Monday, August 6, 2012

I swear I AM NOT praying for patience!!

So, how many times have we all been warned not to pray for patience? I know I've heard it a lot over the years. Well, the funny thing about God is that he tends to dole out lessons in areas where HE thinks we need to grow, not necessarily where we WANT to grow! So whether I'm asking for more patience or not, when He decides I need it, I get it!

The latest thing I'm learning about myself is that I am not a patient person! I'm pretty sure I've always known this, Lord knows my family definitely has, but recently it's been brought to my attention almost on a daily basis!

Being almost completely dependent on those around you doesn't just mean you have to let them help you. It means you have to let them do it their way, on their time, all the while remaining grateful for it. One of our family's favorite movies is The Pacifier. The line I quote most from this movie is this:

"It's my way, no highway option."





This statement rolls all that is Candie up in a neat little package. My way is always the best, most thought out, and easiest to accomplish... so I think. Lately though, I'm learning that just because my way is right for me, doesn't mean it's right for everyone! Funny that I haven't already learned this lesson. After all, isn't that part of the homeschool mother's creed? Our children need teaching to their strengths and interests, they need to be treated as individuals, they need to learn how THEY learn!
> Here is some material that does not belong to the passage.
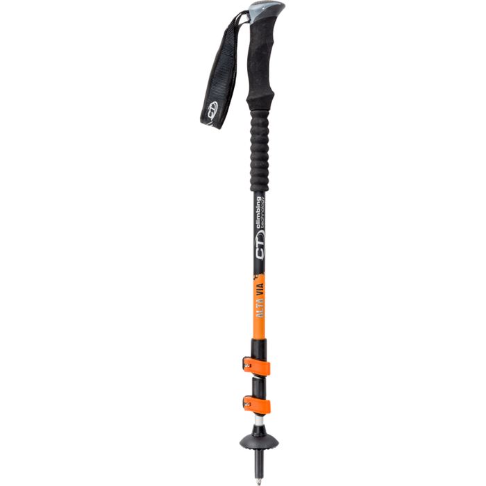 Climbing Technology Bastoncino da Trekking Alta Via Bastoncino da escursionismo e trekking, leggero e compatto. Caratteristiche principali: tre sezioni in Alluminio Alu7075 con sistema Easy-Lock di chiusura e regolazione (Ø 16-14-12 mm); manopola ergonomica in Eva-grip con lacciolo di facile regolazione; puntale in acciaio al Widia, fornito con rotelle trekking e neve.

Well, doesn't the same apply to everything in life? Could I be harboring a double standard? Well if so, surely I'm right about it, surely I couldn't be mistaken!

NEWS FLASH: God made us all different! Not just red and yellow, black and white, but in everything, in our hearts and our habits!
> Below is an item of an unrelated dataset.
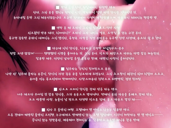 끝나지 않는 입맞춤과, 계속해서 겹쳐지는 몸. 달콤하고 농후한 허니문 같은 한때.* 재생 시간: 1시간 54분 25초
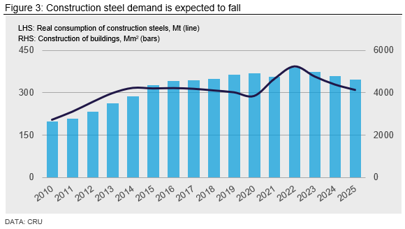 Given the real estate sector has already weakened this year, we expect steel demand from residential construction will continue to decline and we maintain a bearish outlook in the years ahead. In the short-term, the crisis may lead to buyers requiring faster completion of housing projects, which would provide some support for steel demand.

The people in your life may not put the dishes away where YOU think they should, they may not move as quickly as you would like and they may not do the things you ask in JUST the way you had expected, but the bottom line is that they are doing it!

My family has had to help me get comfortable in the recliner again with all 15 pillows every time I get up to go to the restroom. They have had to bring me that exact item from the exact spot I sent them to, even if my memory was wrong. They have had to fix me glasses of water with a full cup of ice because that's how I like it. And they have done all these things with a smile, something I cannot say for myself. I have been short with them, I have gotten frustrated and I have spat out my orders more times than I care to admit.

Yet they're still here, still helping, still taking it. That's not to say they will ALWAYS be here. It's important for me to learn NOW that I should appreciate their help regardless what form it comes in. This is the lesson I think my God is teaching me right now. He wants me to understand that humans are not as forgiving as He is, that there IS a limit to their willingness to help, "under fire" if you will. Not only does He want me to see that He will always be here and will come back blow after blow, but that others may not and it's my job to emulate Him.

That's part of being created in His image. Luckily for me, my immediate caregivers know God's love but will they always remember it? That is something I cannot control but showing my Lord's love and mercy is the beginning to ensuring they won't turn away from Him.

Have you shown His love this week? Let me challenge you to do JUST THAT! And not just to those you think NEED it, but to everyone in your life, especially those who don't always get your best!